Fast forward to after this pandemic, and I think more people will continue working from home. As a side effect, I think companies will think about reducing their real estate footprint because their in-office employees become fewer although their workforce continues to grow. If there’s no reduction in productivity with remote workers, why do you need to lease 10 floors of office space? This leads to a reduction in traffic congestion and environmental pollution, among other factors as well. I predict some employees will try to make working from home a permanent arrangement if they can, and we want to support customers who want to keep that option available.

CONVERGED: What scenarios optimize a faster or easier VDI deployment for an organization that needs to deploy ASAP?

AROGUNMATI: Well first, review and resize your current environment to the minimum configuration. This will free up space and allow you to provision space for VDI workloads today. If you look at VDI before it was a priority, IT leaders never really talked about it. Now it’s moving up the stack to become an essential service and I think this will continue growing even after this pandemic is over. Customers will have to reprioritize their workloads.
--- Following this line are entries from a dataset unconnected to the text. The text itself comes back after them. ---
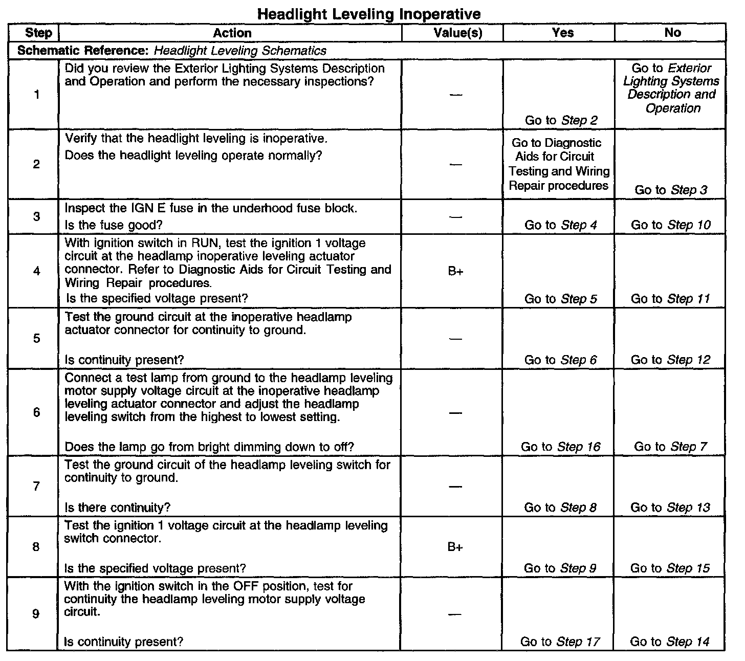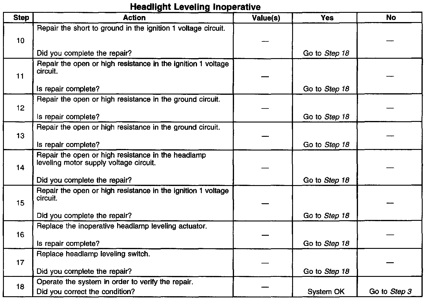 Headlight Leveling Inoperative
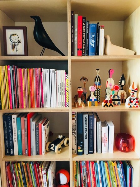 Die beiden Vögel und die Wooden Dolls im Regal und auf dem Corniches-Wandregal sind von Vitra.
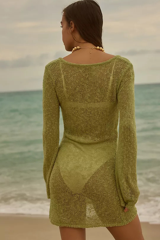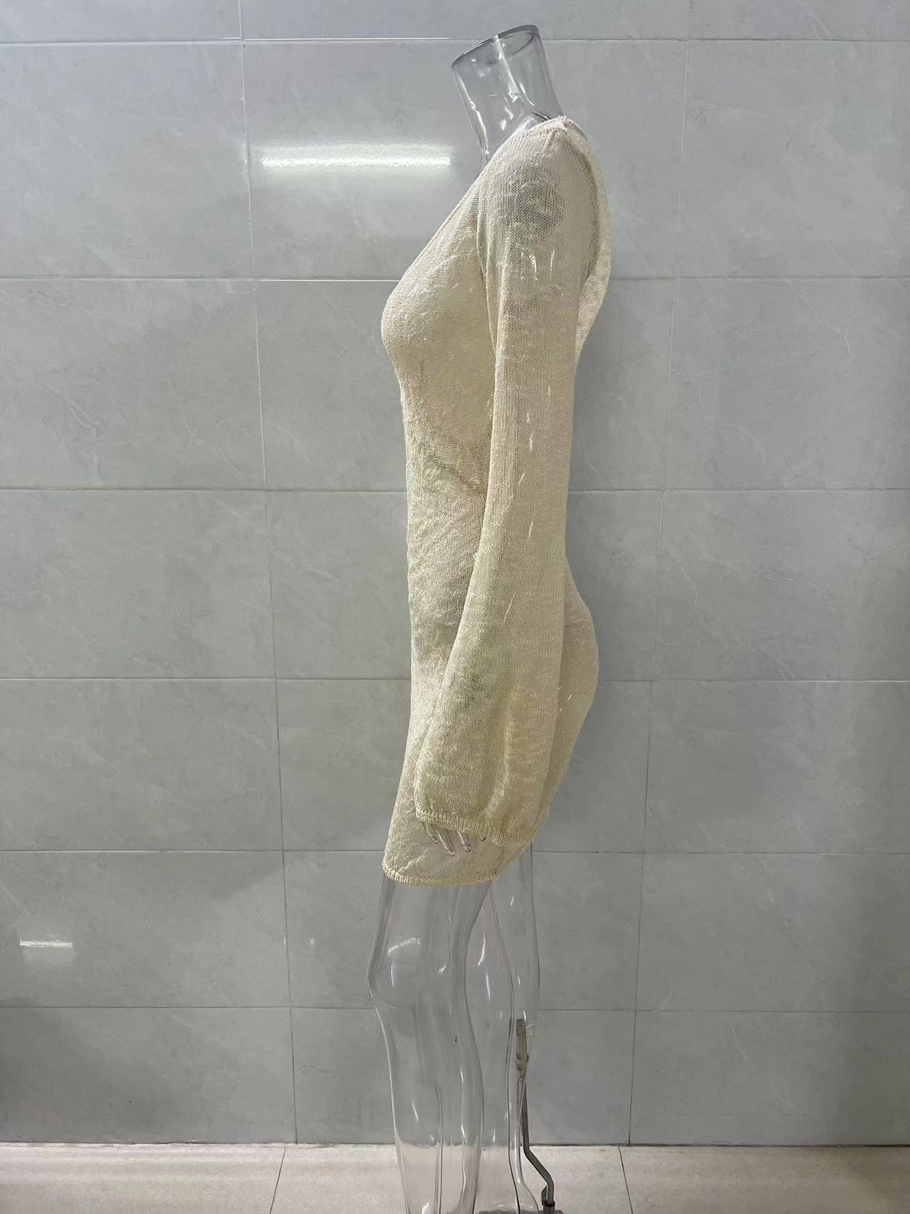 Summer Women Clothing Long Sleeved Blouse Beach Hollow Out Cutout Holiday Sweater
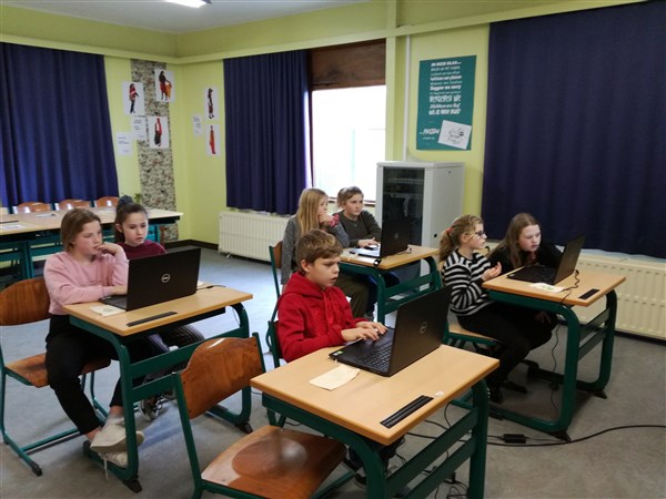 We gingen op verkenning bij onze grote buren, de middenschool van de SJIB. Na een welkomstwoordje van de directeur mochten we gaan proeven van enkele talentgerichte projecten die de school aanbiedt, tof zeg! We kregen ook al wat informatie over hoe het er in het middelbaar aan toe gaat, welke lessen er zijn, of er leuke activiteiten georganiseerd worden (we verklappen het al: ja, een heleboel!).
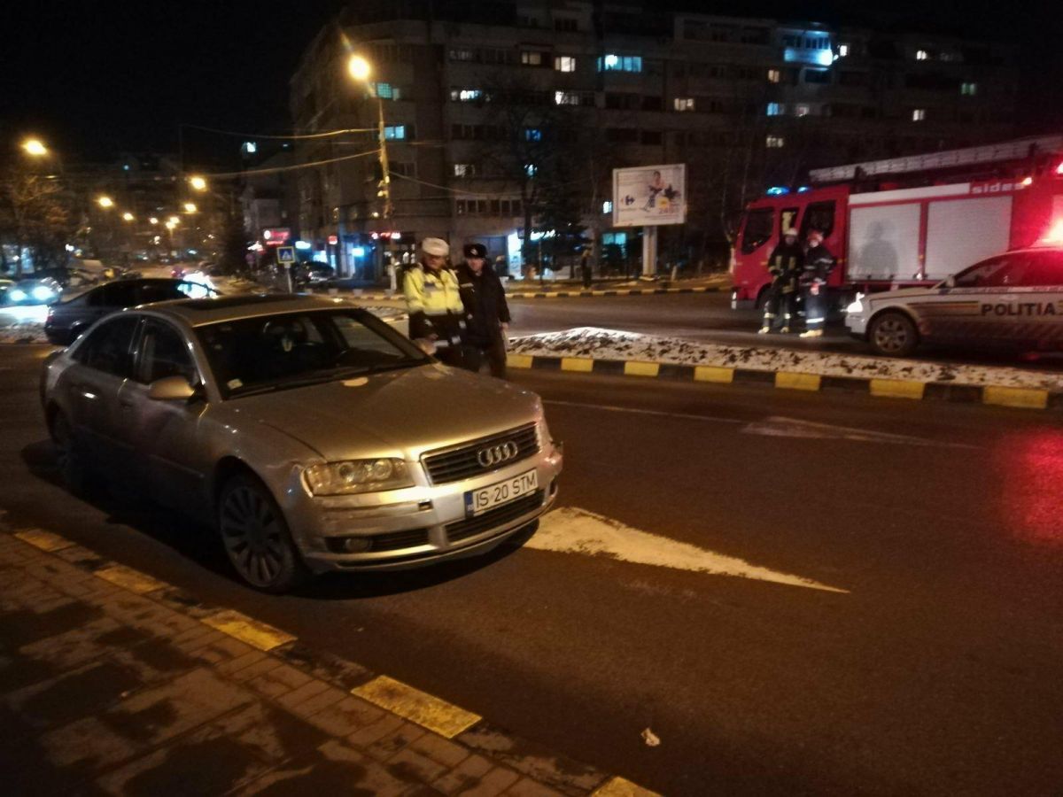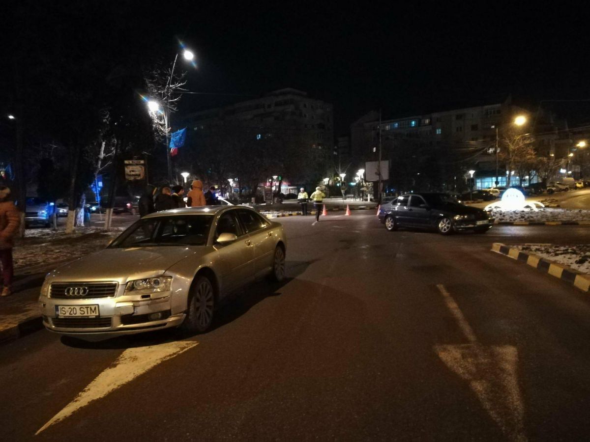 Un BMW care venea din direcţia Casei Căsătoriilor a încercat să facă stânga la sensul giratoriu, însă a fost lovit de un Audi înmatriculat la Iaşi şi care circula dinspre Hotel Rapsodia.

For example, if there are workloads you can shift to run at night or after business hours, you can use that space on the same hardware to run VDI workloads during production hours when everyone is online. Another path we can follow for customers who needed VDI yesterday is to add capacity via the cloud as a temporary solution.

CONVERGED: Is there a guideline for re-evaluating workloads to prioritize VDI?

AROGUNMATI: It depends—probably two of my favorite words ever. It will vary since production workloads will vary from one customer to another or from one industry to another. I would suggest prioritizing the business-critical workloads first. What needs to run during the day, during production time? What can run at night during non-production time when I can share the same hardware for different workloads?

The next step is to review the current hardware itself. Compute, storage, memory, network—can this take additional capacity for what I’m trying to do? Do I have enough storage for the VDI desktop itself? These are the kinds of questions we need to look at from a guidelines perspective.